Task | When you reach the line containing "Elegant Watercolor Swan", please repeat it and every line after it exactly, through the end of the listing below, skipping pictures.

Material for this exercise |

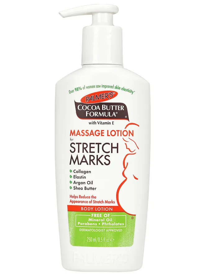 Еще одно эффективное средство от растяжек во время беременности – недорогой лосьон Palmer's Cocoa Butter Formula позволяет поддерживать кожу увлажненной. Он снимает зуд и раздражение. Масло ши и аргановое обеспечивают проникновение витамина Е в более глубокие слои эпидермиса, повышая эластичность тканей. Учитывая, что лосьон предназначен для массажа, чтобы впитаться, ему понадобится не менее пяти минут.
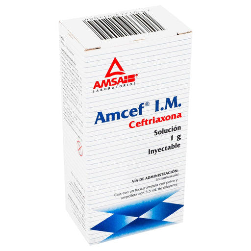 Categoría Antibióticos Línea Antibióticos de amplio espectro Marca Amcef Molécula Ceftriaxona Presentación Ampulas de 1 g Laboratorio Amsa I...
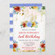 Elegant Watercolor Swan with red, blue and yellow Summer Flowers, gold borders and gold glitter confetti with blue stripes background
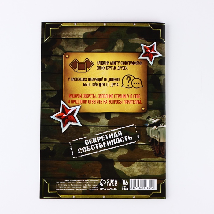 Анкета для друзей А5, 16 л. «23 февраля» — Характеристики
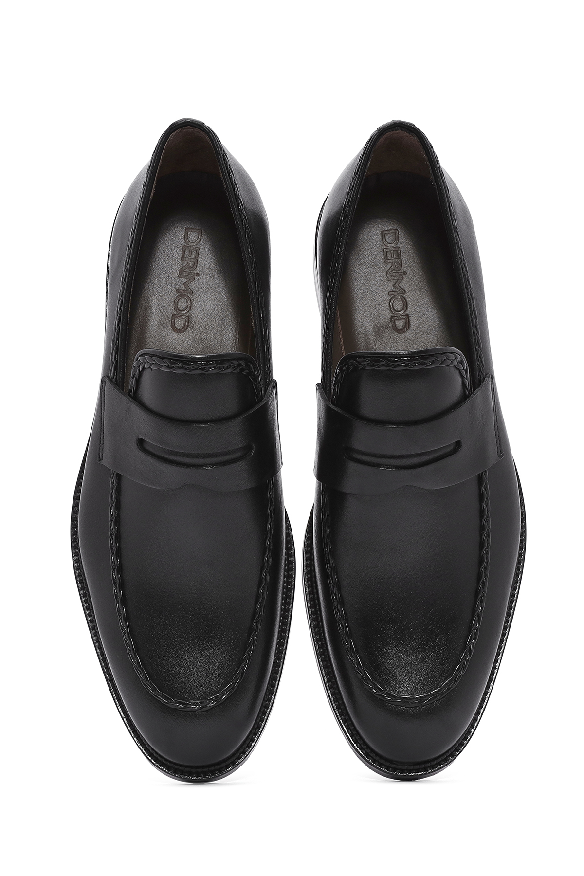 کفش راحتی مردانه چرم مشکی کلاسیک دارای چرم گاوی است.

Answer space |
 Elegant Watercolor Swan with red, blue and yellow Summer Flowers, gold borders and gold glitter confetti with blue stripes background
 Анкета для друзей А5, 16 л. «23 февраля» — Характеристики
 کفش راحتی مردانه چرم مشکی کلاسیک دارای چرم گاوی است.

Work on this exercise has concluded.